In general terms I think it comes down to why some people get into management. Some people are facilitators, who care about helping people who they manage do the best job possible, and help them develop and flourish, both for their good, and the company's good. The other sort, and I think your manager is one of them, are basically bullies, who are attracted to management by the power over others and opportunities to exert authority. They micromanage as it allows them to have more control.

The best technique (in my opinion) to deal with them, is to make it clear you won't be bullied. It willo make them back off from you. Having said that (at least this is what happened in my case), they will just use more sneaky means to undermine you, so I guess it's a matter of calculated risk.


----------



## DMack (Aug 16, 2011)

I learned this technique from a micro-managing ENTJ that it took 3-4 years to get out of my business. Always stay focused on productivity. Tell that manager how much you hate it when people make you and other less productive. Then when they barge into your business let them know it's not being productive and you need to go back to making the company money. As long as you can put performance behind your words you should be ok.

When you do this you cannot be angry or defencive. They're used to that as micro-managers and won't back down. You have to be firm, friendly and quick. Watch Mary Poppins if you need an example of how to do this.

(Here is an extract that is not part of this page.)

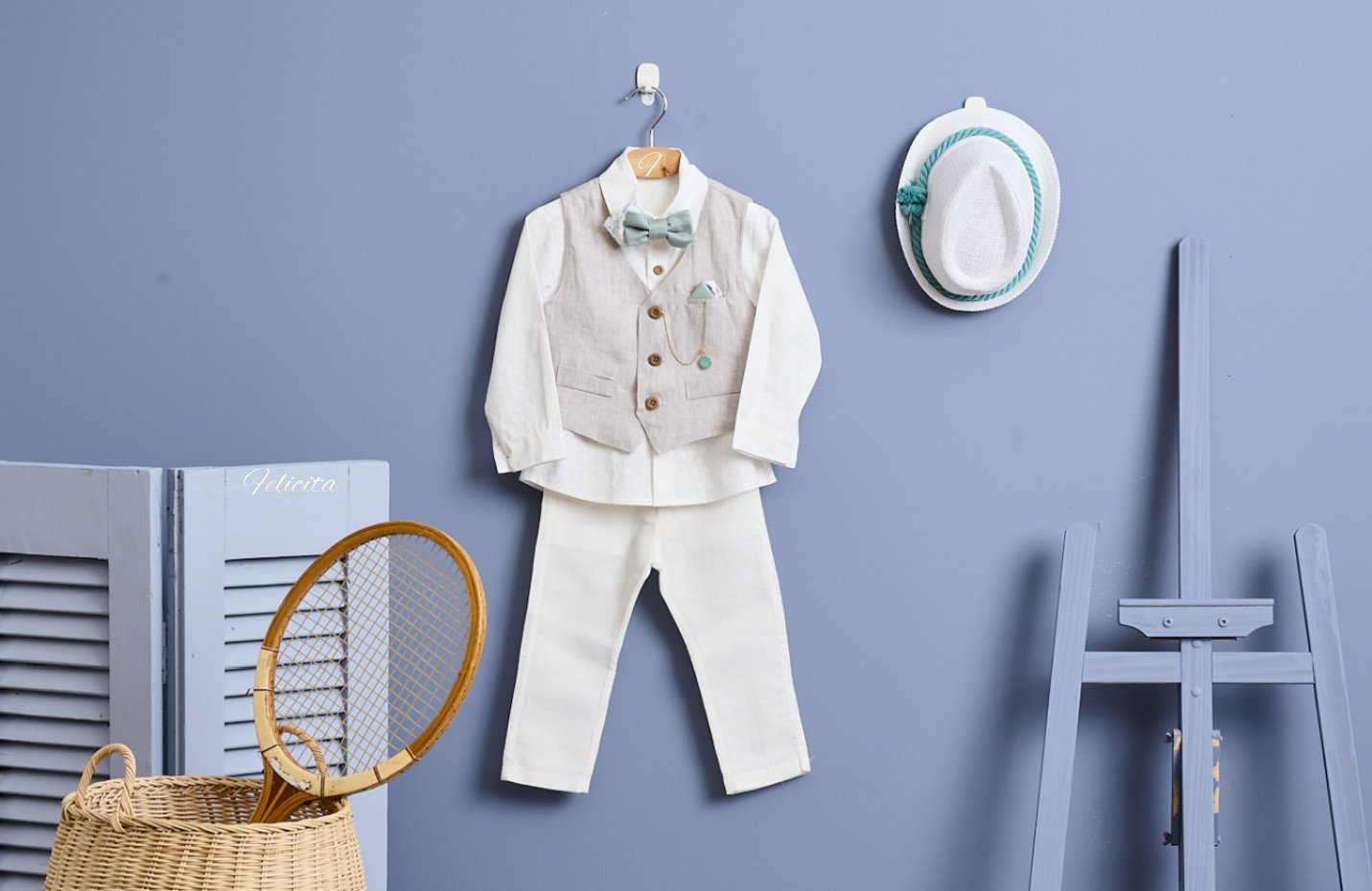 Chic, διακριτικό ντύσιμο με ιβουάρ παντελόνι και μπεζ-γκρι γιλέκο. Το πουκάμισο είναι εκρού με ένα διακριτικό μοτίβο από φυλλαράκια ενώ συνδυάζεται με βεραμάν παπιγιόν. Το ίδιο χρώμα έχει και το μαντηλάκι του γιλέκου ενώ το σύνολο ολοκληρώνεται με διακοσμητική αλυσίδα ρολογιού τσέπης.

Finally study up on directive vs communicative communication styles. It's part of Kiersy's work on MBTI. As an ENTP you naturally want to explain to a micro-manager why his/her style won't work. They do not respect that. You have to be directive.


----------



## Snakecharmer (Oct 26, 2010)

DMack said:


> I learned this technique from a micro-managing ENTJ that it took 3-4 years to get out of my business. Always stay focused on productivity. Tell that manager how much you hate it when people make you and other less productive. Then when they barge into your business let them know it's not being productive and you need to go back to making the company money. As long as you can put performance behind your words you should be ok.
> 
> When you do this you cannot be angry or defencive. They're used to that as micro-managers and won't back down. You have to be firm, friendly and quick. Watch Mary Poppins if you need an example of how to do this.
> 
> Finally study up on directive vs communicative communication styles. It's part of Kiersy's work on MBTI. *As an ENTP you naturally want to explain to a micro-manager why his/her style won't work.* They do not respect that. You have to be directive.


GREAT advice. Thank you.

You are so, so right about the part I placed in bold. I tend to be too direct, I think, and it makes him uncomfortable...and he just ends up making excuses and he does get defensive.

Looking into directive communication styles now...


----------